Go to the following page and click on the box entitled: *"In pictures - The final port of call for British docks"*.

*http://newsvote.bbc.co.uk/1/hi/in_pictures/default.stm*

I like no.11, they must have been a 'tug of war' team in their spare time! (*))

Unfortunately, these photographs are no longer on the BBC site.


----------



## non descript (Nov 18, 2005)

Jaigee thanks for this and looking at No 4 it would seem that the mule has noticed the destination and has also heard of the many things that make Chinese Cuisine unique (*))


----------



## jaigee (Feb 8, 2006)

Tonga said:


> Jaigee thanks for this and looking at No 4 it would seem that the mule has noticed the destination and has also heard of the many things that make Chinese Cuisine unique (*))

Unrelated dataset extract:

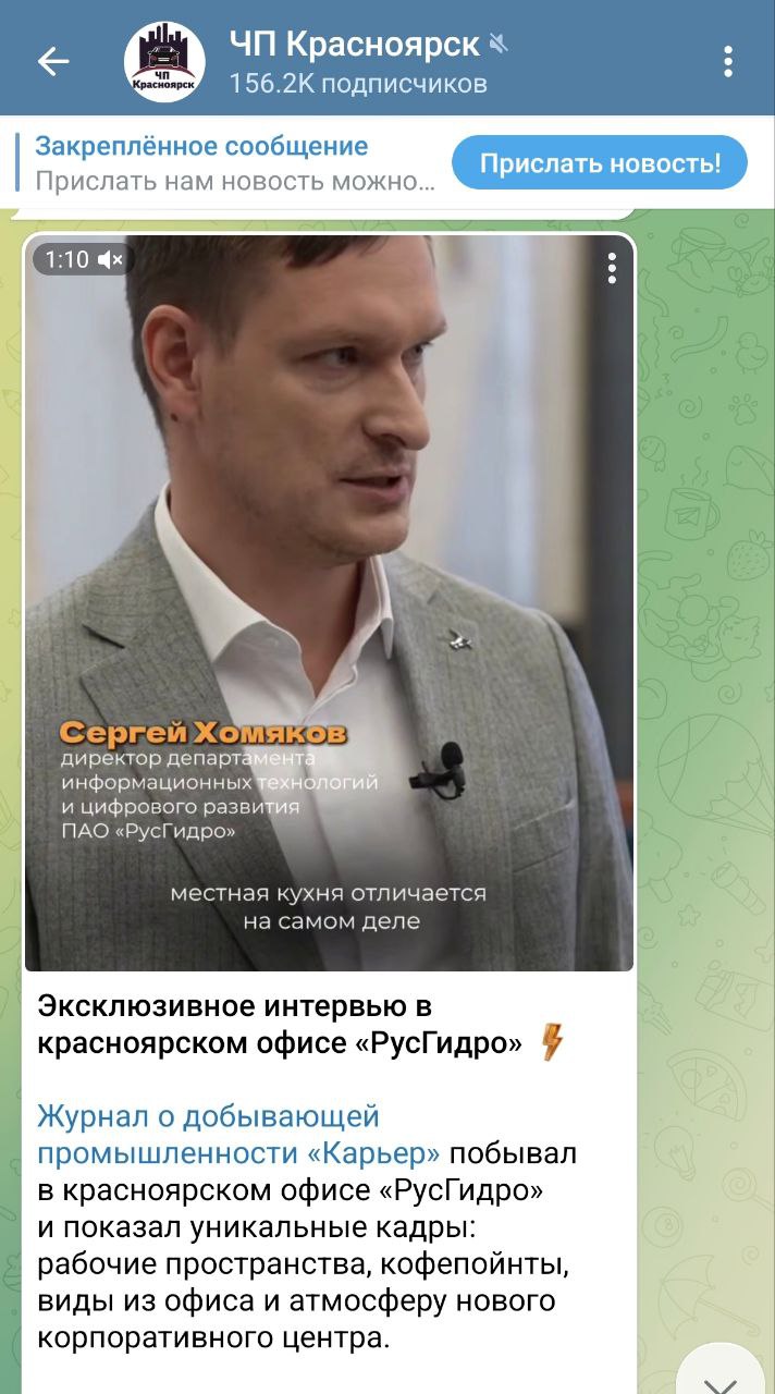 Прошлым летом компания «РусГидро» закончила свой длительный, дорогостоящий и скандальный переезд. И вот, спустя несколько месяцев, видимо, после адаптации московских сотрудников в Красноярске, компания решила выйти из тени и представила красноярской публике весьма странное интервью. Информацию о котором, кстати, разместили в некоторых СМИ и телеграм-каналах в качестве рекламы.

Also, not many tears around in no.12. The girls appear as if they are looking forward to the next month or so, and the blokes don't seem that unhappy either!

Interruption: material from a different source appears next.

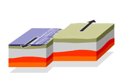 แผ่นเคลื่อนเบียดกัน ซึ่งจุดที่เกิดการเบียดหรือชนเรียกว่า "จุดโฟกัส" (focus)

Perhaps we could have caption competitions for nos.4,7 & 9-12


----------



## trotterdotpom (Apr 29, 2005)

What else are they going to sell off?

Great photos, Jaigee. I especially liked the misty Grimsby fishdock - those 'lumpers' were still wearing wooden clogs in the '60s!

Captions: No. 4: The Mule saying: "Don't stop now, just change hands!"

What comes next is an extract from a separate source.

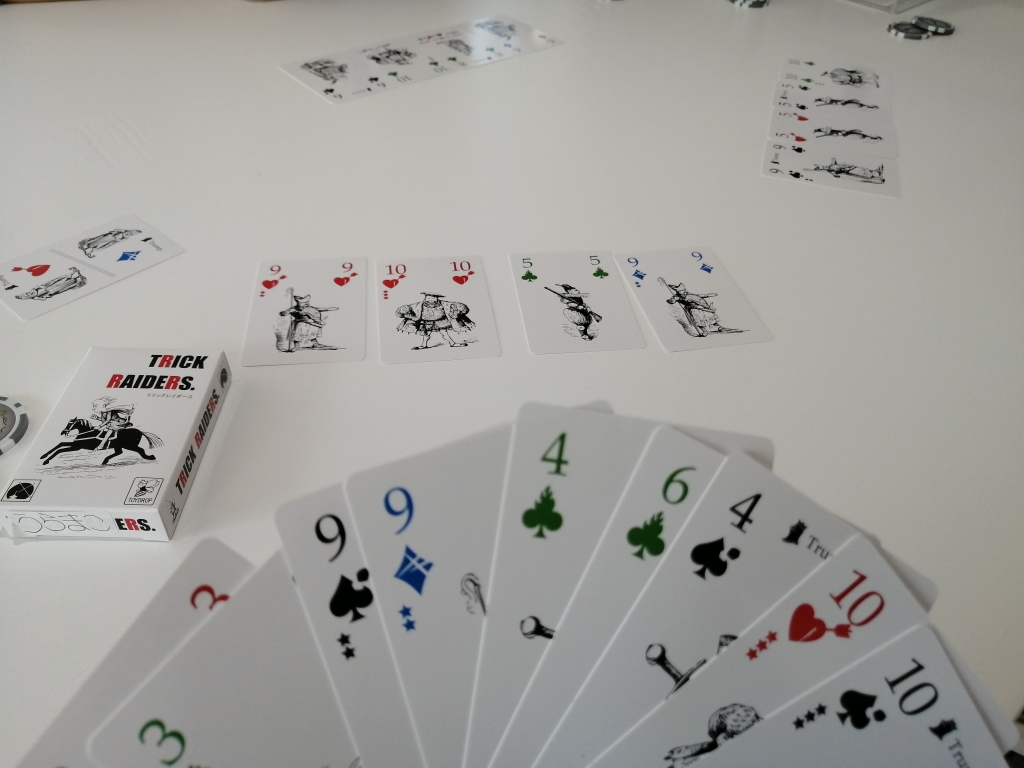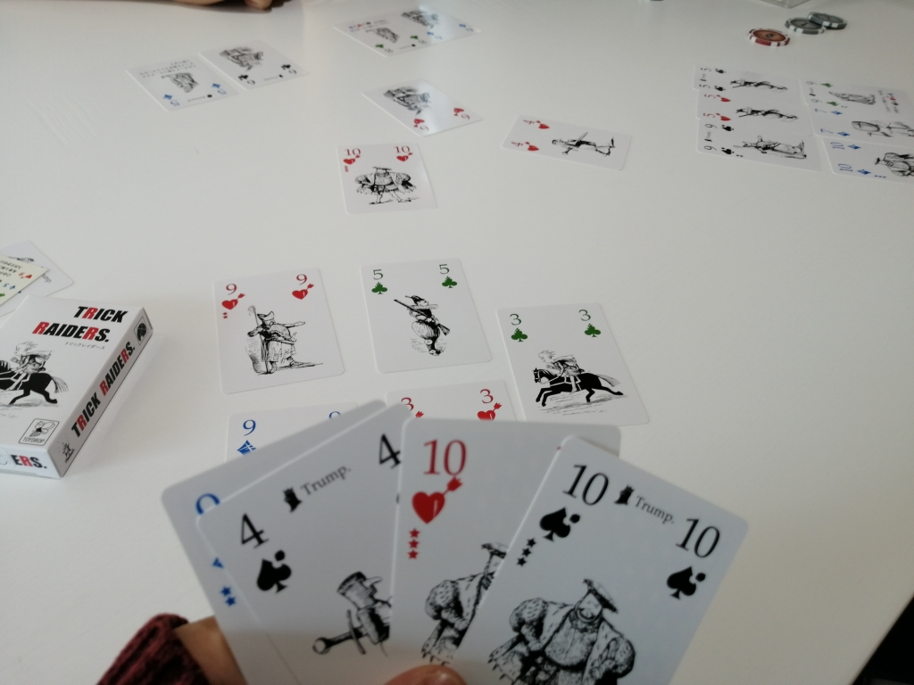 特殊なカードは2種類ぐらいで、手元と手札は別のカードてま勝ち方が難しいけど、自分含め3人とも初プレイで「これは面白い。」となりましたトリックテイキングゲームでした。

No. 7: The man in the background saying: "Are they two mermaids or is it just a fluke?"

No. 9: The soldier hanging out of the porthole saying: "The Bugis Street Kai Tais could show you a thing or two, Jock!"

No.12: A few cracks came to mind but thought better of it - let's hope it ended as well as it started for the four of them.

John T.


----------



## Jan Hendrik (Feb 14, 2005)

Grandfather, ....I finally found your car. (no 8)


----------



## Harry Nicholson (Oct 11, 2005)

Great. The anchor of Berengaria took me back. In the early 60's there was a barbers in West Hartlepool with beautiful barbers chairs, black leather, chrome and ceramic, with hydraulic elevating gear. On the back of each of the three chairs it had "RMS Berengaria".


----------



## bob johnston (Oct 4, 2005)

jaigee said:


> At the moment the BBC web site has a series of old photographs of British ports.
> Go to the following page and click on the box entitled: *"In pictures - The final port of call for British docks"*.
> 
> *http://newsvote.bbc.co.uk/1/hi/in_pictures/default.stm*
> ...


It was a great to see the pictures of some of those ports .


Thanks Bob (Sydney )


----------



## Tony G (Jun 12, 2006)

Thanks for the post some very interesting pics
Regards Tony (Thumb)


----------



## jaigee (Feb 8, 2006)

Unfortunately, these photographs are no longer on the BBC site.


----------